Insider threats: the new generation

Digital upheavals, Software-as-a-Service flaws, and workers who say the data they create actually belongs to them: just some of the factors that drive the emergent generation of mixed – and mixed-up – insider threats. By James Hayes.

More organisations have become savvy to the reality that insider threats are now as prevalent AS the malicious attackers who try to hack through the cyber security perimeter from without – they can also prove more difficult to detect, despite the fact that a CISO might pass a digital malefactor in the corridor two or three times a week, or even work right alongside them.

Yet despite heightened commitments to invest in internal security monitoring tools (see Cyber Security Europe, Autumn 2018 issue), a range of evidence suggests that the insider threat has not diminished in scale over the last 18 months. Indeed, more than 50% of c-suite executives who responded to BetterCloud’s State of Insider Threats in the Digital Workplace 2019 report whose organisations are embarked upon greater cloud adoption say that insider threats are now among their top five security concerns. And it’s not the same old threat multiplied. The intrinsic nature of insider threats is changing, due to a confluence of otherwise disassociated factors. This has morphed the challenge away from a threat represented nominally by untrustworthy, crooked or malevolent employees motivated by illicit personal gain or revenge.

This sounds as old news to seasoned cyber security practitioners, but may come as somewhat of a shock to non-technical senior executives who have acquired responsibility for enterprise cyber governance.

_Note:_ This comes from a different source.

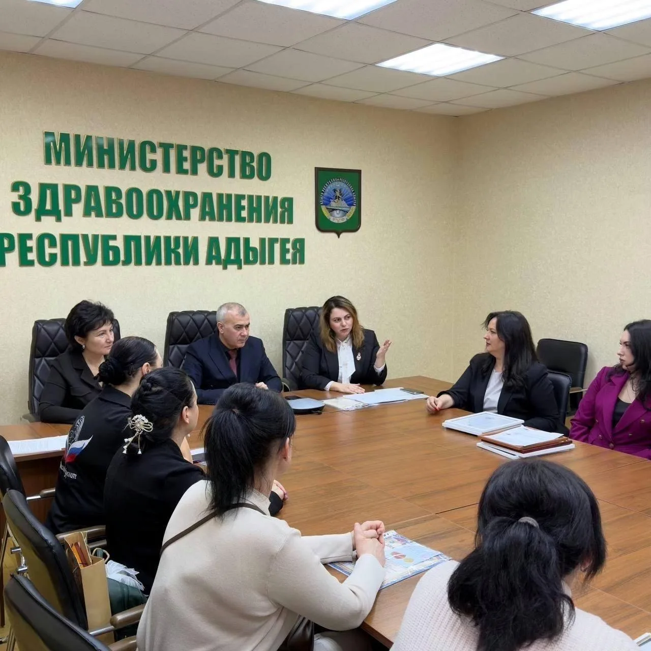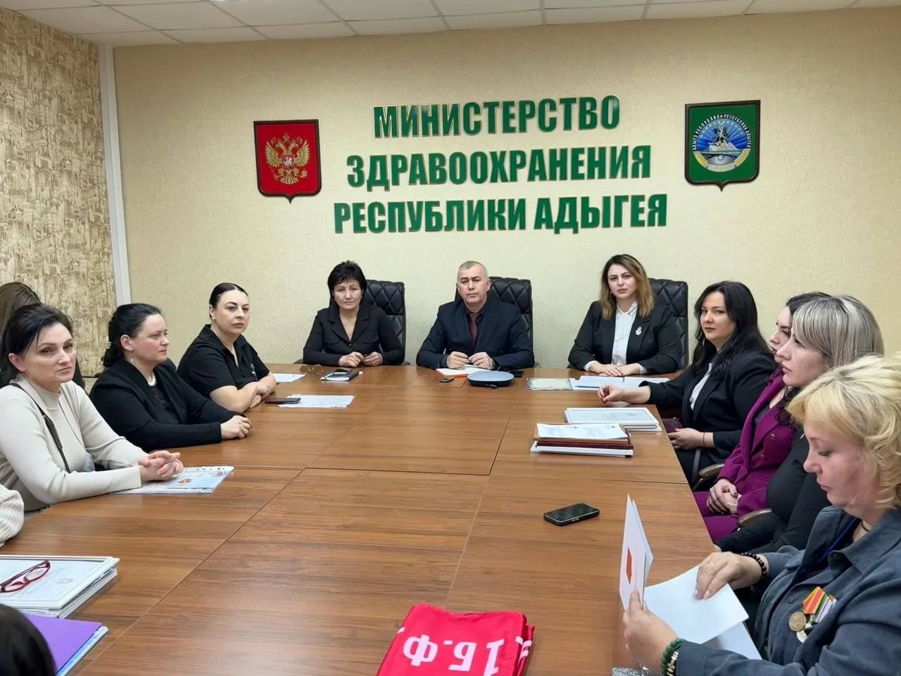 Сегодня на площадке Минздрава Адыгеи под руководством министра здравоохранения Рустема Меретукова состоялась рабочая встреча с представителями волонтёрских групп и депутатом Горсовета Майкопа, председателем Комитета по социальной политике и здравоохранению Палаты молодых законодателей при Совете Федерации Асетой Берзеговой.
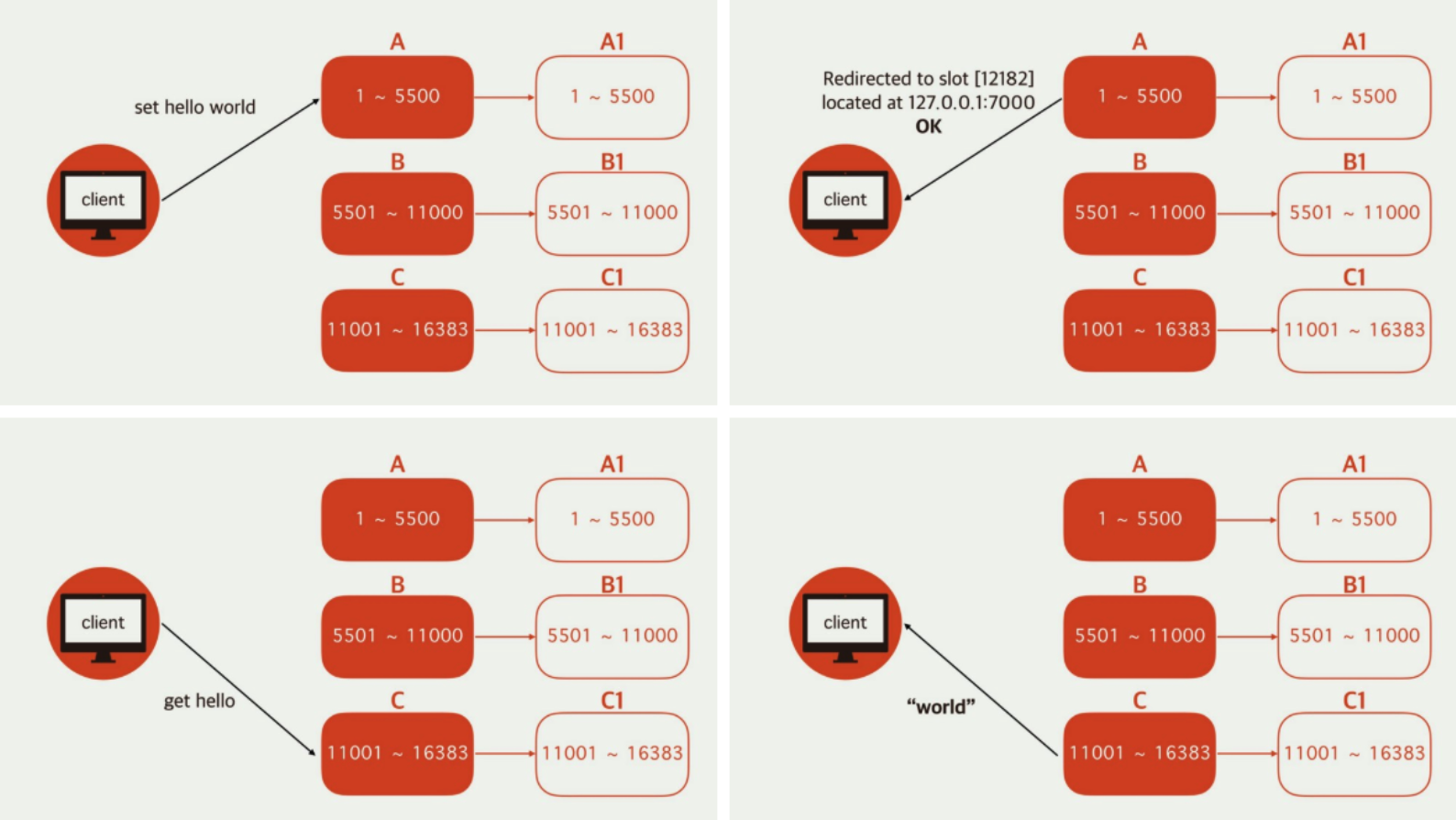 - master 1,2,3 이 있다면 데이터는 3개중에 하나에 저장되며, client 가 데이터 읽기 요청시 저장된 곳이 아닌 다른 마스터에 요청 했다면 저장된 마스터 정보를 알려주며, 클라이언트는 전달받은 마스터 정보에 다시 요청해서 데이터를 받아와야 한다.

According to the Ponemon Institute’s 2018 The Cost of Insider Threats Report, insider threats of all shades are on the increase. Incidents involving employees or contractor negligence especially have continued to show a marked rise, possibly in line with uptakes of technology. Since 2016, the average number of such incidents increased by 26%, the report indicates, and by 53% for attacks by malicious/criminal insiders. Understanding of insider threat profiles has improved in recent years.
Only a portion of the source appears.